Hello, my name is riskyy@ronny5 and I am addicted to comments boards.
Kick off their day with a mug that captures their virtual battler spirit. Perfect for gamers who love to fight from afar and enjoy a good laugh over their favorite hobby.
Hello, my name is riskyy@ronny5 and I am addicted to comments boards.
'And at what stage did you realise the ball you were heading was on the TV?'
Second lifeReal life.
"Our Rupert has swopped his gaming console for bagpipes...it gets us out of the house more often."
"This is not what I meant when I said you needed to practice your play fighting..."
'Jeff is a tackle on his online college football team.'
'Our gymnasium is being repaired so we played sports games on our computers.'
Run, Mike, Run!
Indoor Football
fish in a bottle...
"No, playing fantasy football doesn't count as exercise. No wonder you pulled a muscle getting up on the table."
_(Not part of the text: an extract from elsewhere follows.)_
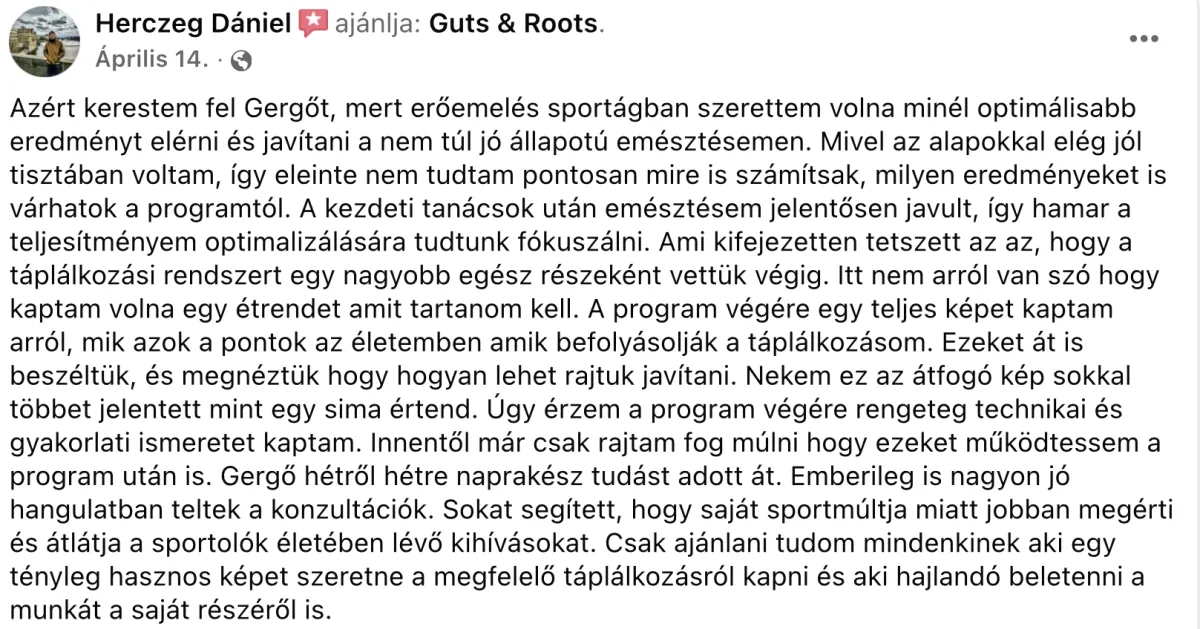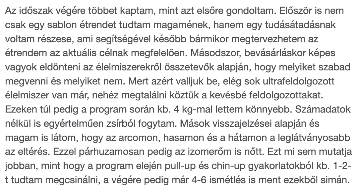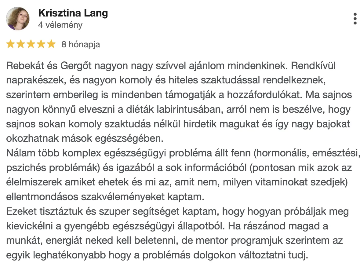 ...közösen sikerült. Szerettem volna segítséget kapni arra a kihívásra, hogy kikerüljek az ördögi körből, amit magamnak okoztam: hogyan tudom a kor előrehaladtával, rendszeres futással/testmozgással és az étkezésre való odafigyeléssel kiváltani a „nagy népszerűségnek örvendő prémium kategóriás poros diétát”, amelyet már több, mint 5 éve folytattam. Nagyon sok információt, könnyen elkészthető recept ötletet kaptam Gergőtől. Tetszett az az alázat, és a választott szakterülete iránti elhivatottság, valamint az a rengeteg tudás, amit felhalmozott annak érdekében, hogy segíteni tudja ügyfeleit azok rögös útja során, ahol voltak nagy menetelések, visszaesések és újabb nekiveselkedések. De, közösen sikerült. A fentieken kívül az tetszett a legjobban, ahogy a konzultációk során érdeklődő és őszinte figyelemmel kísérés esete valósult meg, valamint az, hogy tényleg megnézte a táblázatokat / összeállított anyagokat, amelyeket küldtem, és felkészült minden egyes konzultációra. Az már csak a hab a tortán, hogy kolléganőjével, ha olyan kérdésre került sor, amely a hölgy szakterülete volt, rövid idő alatt egyeztetett és visszajelzett. Ha tényleg változtatni szeretnél, akkor jó helyen jársz, csak javasolni tudom Őket.

'...now pour the mixture into a baking dish...'
'You've been on that Video Game all Day. Go outside and play.'
'Don't you miss the thrill of the chase?'
"My drone strikes are successful, Sir, but I keep getting trash talk from a 15 year old in Montana."
'These online fantasy worlds are great fun. I can be ‘Dave the Accountant' from Birmingham.'
Play Ball!
Handbags at dawn. A typical bout of fisticuffs on the rugby pitch.
"For all the years I've worked here you've had it in for me...so will you get off my case."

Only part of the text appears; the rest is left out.